那時,埃萊娜在這寧靜的氣氛中放鬆了下來,在神父耳邊喃喃說出一個名字。神父沒有動。他的臉在黑暗中也看不見。靜默了一會兒,他說:「我早知道,但是我要您自己告訴我……我的孩子,您一定受了很多苦。」
他沒有針對義務之類泛泛說一句什麼話。埃萊娜誠惶誠恐,神父明智的憐憫使她難過得要死,眼睛又去看巴黎夜景中閃爍的火星。愈往遠方火星愈多。彷彿紙頭燒到那裡,火星跟著灰燼到了那裡。首先,這些光點是從特羅加德羅出發的,朝著城中心而去。不久,左面出現另一簇火星,朝蒙瑪特爾延伸;然後右邊也有一簇,在榮軍院後面;更後面在先賢祠一邊還有一簇。這一簇簇火星同時射出一束束小火焰。
「您記得我們的談話,」神父又慢慢說,「我沒有改變意見……您應該結婚,我的孩子。」
「我!」她說,驚呆了,「但是我剛才向您坦白……您知道我不能……」
「您應該結婚,」他更有力地重複一遍,「嫁給一個正派人……」
他的身材在舊黑袍子裡好像高大了。他可笑的、平時斜擱在一個肩膀上的大腦袋抬了起來,他半閉的眼睛睜得很大,她在黑暗中看得見他的目光發亮。
「嫁給一個正派人,他當您的雅娜的父親,也使您做人正大光明。」
「但是我不愛他……我的上帝!我不愛他。」
「您會愛他的,我的孩子……他愛您,他是個好人。」
埃萊娜在爭辯,壓低聲音,聽到朗博先生在身後發出的聲音。他在希望中那麼耐性、那麼堅強,六個月來,沒有用自己的愛情來叨擾過一次。他平靜,充滿信心,自然也準備作出最勇敢的自我犧牲。神父做個轉身的動作。
「您願意我把一切告訴他嗎……他會向您伸出手來的,他會救您。您也會帶給他無窮的歡樂。」
她制止他,驚慌失措。她的心在反抗。這兩人都叫她害怕,這些那麼平靜那麼溫柔的男人,就是在她火一般的情慾旁邊,他們也保持冷靜和理智。他們生活在什麼樣的世界上,竟然對她所受的苦難不置可否?神父揮了一揮手,指著這片廣闊的空間。

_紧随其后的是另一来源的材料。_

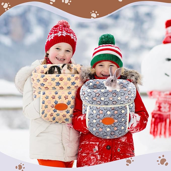 Wenqik 2 Pcs Guinea Pig Bed Cuddle Warm Hideout Small Animal Sack Cozy House Bedding Sleeping Cushion Portable Pet Carrier Cage Nest for Rabbit Hamster Rat (Blue, Khaki,Star)
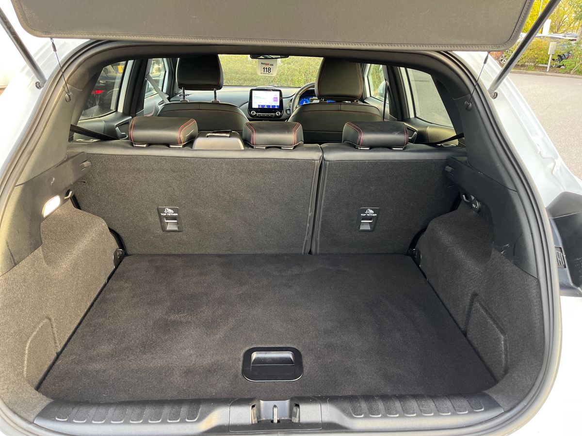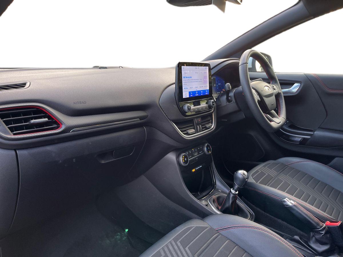 "features": "Cruise control, Ford easy fuel, Full digital 12.3\" instrument cluster, Lane keeping aid with lane departure warning, Power assist steering, Rear parking sensor, Selectable drive modes(Normal, Eco, Sport, Slippery and Trail), Wireless charging pad, Engine sound enhancer, ST suspension, Automatic headlights with rain sensing wipers and auto high beam, Body coloured door mirrors, Dual chrome exhaust, Fixed LED headlamps, Front fog lights with cornering lights and LED rear lamps, Gloss black with chrome elements on front and rear bumpers, High chrome waistline, LED daytime running lights, Power foldable heated door mirrors with puddle lamps, Privacy glass to side rear windows and tailgate glass, Quickclear heated windscreen, Rear wiper, ST scuff plates, Unique ST elements to front and rear body styling kit including Ford Performance embossed splitter, Alloy sports pedals, Centre console with armrest and stowage, Ford megabox extended bootspace, Front and rear floor mats, Front and rear head restraints, Heated front seats, Heated steering wheel, Lumbar massage for driver and passenger, Manual air conditioning, Premium sensico wrapped instrument cluster, Recaro sport seats partial leather upholstery, ST flat bottomed steering wheel with metal grey stitching, ST logo projection, Unique ST gear shift knob, B&O Premium Audio system + Ford SYNC 3 navigation pack - Puma, Comfort pack - Puma, 3 rear seatbelts, Electronic stability control (ESC) and hill start assist, Pre-collision assist with autonomous emergency braking, pedestrian/cyclist detection & post-collision braking, Red brake calipers, Tyre pressure monitoring system (TPMS), Thatcham alarm, Carbon look interior deco spears, Tyre inflation kit, ",

「我的孩子,看這個美麗的夜晚,這種至高的和平,面對著您的激動……您為什麼拒絕做一個幸福的人?」
全巴黎已點上燈火。黑暗的海洋中跳動著星星點點的小火焰,從地平線的一頭延伸到另一頭。現在在清朗的夏夜中幾百萬顆星光固定不動,沒有一絲風,沒有一次顫抖來擾動這些火焰,它們都像懸掛在空中。巴黎已經看不見了,退縮到無盡的邊際,像蒼穹一樣遼闊。可是在特羅加特羅斜坡下,一道快速的光——馬車或一輛公共馬車的車燈——像流星閃過一般切斷了黑暗。那裡的煤氣路燈像放出昏黃的水汽,使人隱隱約約看到模糊不清的門面,有樹木的角落像佈景似的發綠。在榮軍院橋上,星星穿插交叉無間無隙,而在橋下沿著更濃的暗流出現一種奇景,一排彗星的金色尾巴拉長了,形成一陣火星雨。塞納河的黑水裡映出橋燈的反光,但是過了這裡開始不可知地帶。河流漫長的曲線由雙道煤氣燈光帶勾劃出來,隔一段距離又有其他煤氣燈光帶連結起來,就像由光做成的一條梯子,橫斜在巴黎兩端掛在天邊的星辰之間。在左邊,又有另一道光降下來;從凱旋門到協和廣場,沿著香榭麗舍大街有一隊排列整齊的星辰,閃著像七鬥星似的光芒;然後是蒂勒裡宮、盧浮宮、河邊的房屋,最後是市府大樓,都是一團團黑影,中間隔著方形大廣場的燈光;再後面是三三兩兩的屋頂,燈光稀少了,看不到別的,除了道路的入口,大馬路的轉角,著了火似的十字街口。在另一邊的岸上,右邊,只有榮軍院廣場的線條清清楚楚,長方形的火焰,像冬夜裡失去了腰帶的獵戶星。聖日耳曼區的長街上燈光稀疏暗淡,再過去是居民區,星光密集,像在模糊一團的星雲中閃閃發亮。直至郊區,在地平線四周,密密麻麻的煤氣燈和照亮的窗戶,像數不盡的小太陽和肉眼難辨的地球微塵佈滿城市的遠處。房屋都下沉了,桅杆上沒有一隻大燈籠。有時,會以為這是在舉行一次巨大的盛會,這是一座張燈結綵的巨人紀念碑,有它的樓梯、扶杆、窗子、門楣、窗臺、石頭世界,晶光瑩瑩的燈勾劃出奇異巨大的建築物輪廓。但是襲上心頭的卻是星辰誕生、天空無限擴大的感覺。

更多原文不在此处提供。